The Confucian ethics prevailed in imperial China reached its nadir after the formation of the People’s Republic of China grounded on Communism. Yet, its importance came back to the practice with the steeping growth of China as a global political, economic and military power in the late 20th century. In particular, the famous gift-giving strategy adopted by Chinese leader Deng Xiaoping in the ’80s to make comity with the USA was known as Panda Diplomacy which resulted in a considerable diplomatic triumph for China.

From a vantage point, the Chinese strategy of sending medical aid and masks to foreign countries, especially to EU states is akin to how the Chinese approach to developing foreign relations under Confucian values, but its deeper political expectations seem to have been envisaged by the west with a sense of doubt. Especially, China’s act of sending masks and medical aid was seen as a way to extend Beijing’s political leverage to other countries and divert world attention from discussing China’s culpability for spreading coronavirus.
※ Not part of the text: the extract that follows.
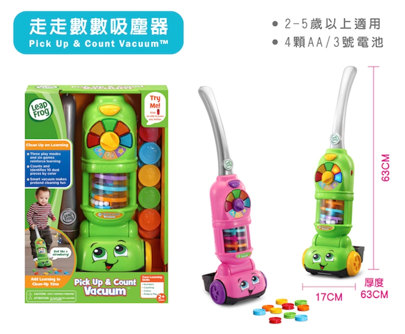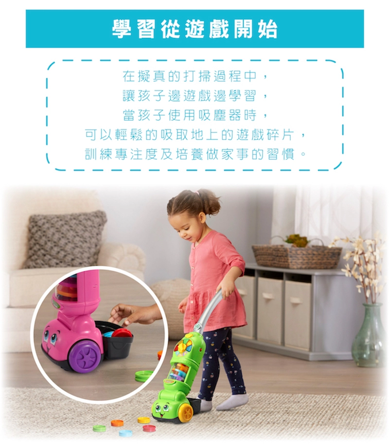 官方直營【LeapFrog】走走數數吸塵器-粉色

The Chief of the European Union Joseph Borell has described this phenomenon as “the politics of generosity”, simultaneously the West has lampooned China for conducting provocative campaigns against neighboring countries from Taiwan to Japan by taking the advantage of corona chaos. The criticism focusing on Beijing’s actions are been propelled by China’s contemporary attitude to increase its participation in global politics contrary to its initial claim on a peaceful rise, which used to be the mantra of Chinese depiction of their yearning to become a superpower under Hu Jintao.

Given this situation of West’s ambivalence to view Chinse “mask diplomacy” as an evasive action to change the global attitude towards China, the Confucian ideals need to be reexamined as it guides foreigners to fathom how Chinese vision works. As I stated above, gift-giving culture played a dominant role in ancient China under Confucian ethics to underpin social harmony. Throughout its civilizational saga, China always called herself the middle kingdom and kept paternal relations with the neighboring states. Thus, it is justifiable to argue the way Chinese have been using Mask Diplomacy is not entirely an act of manipulation of opportunities as it has been vehemently critiqued by the West. Indeed, its roots have derived from China’s unique civilizational approach to international affairs.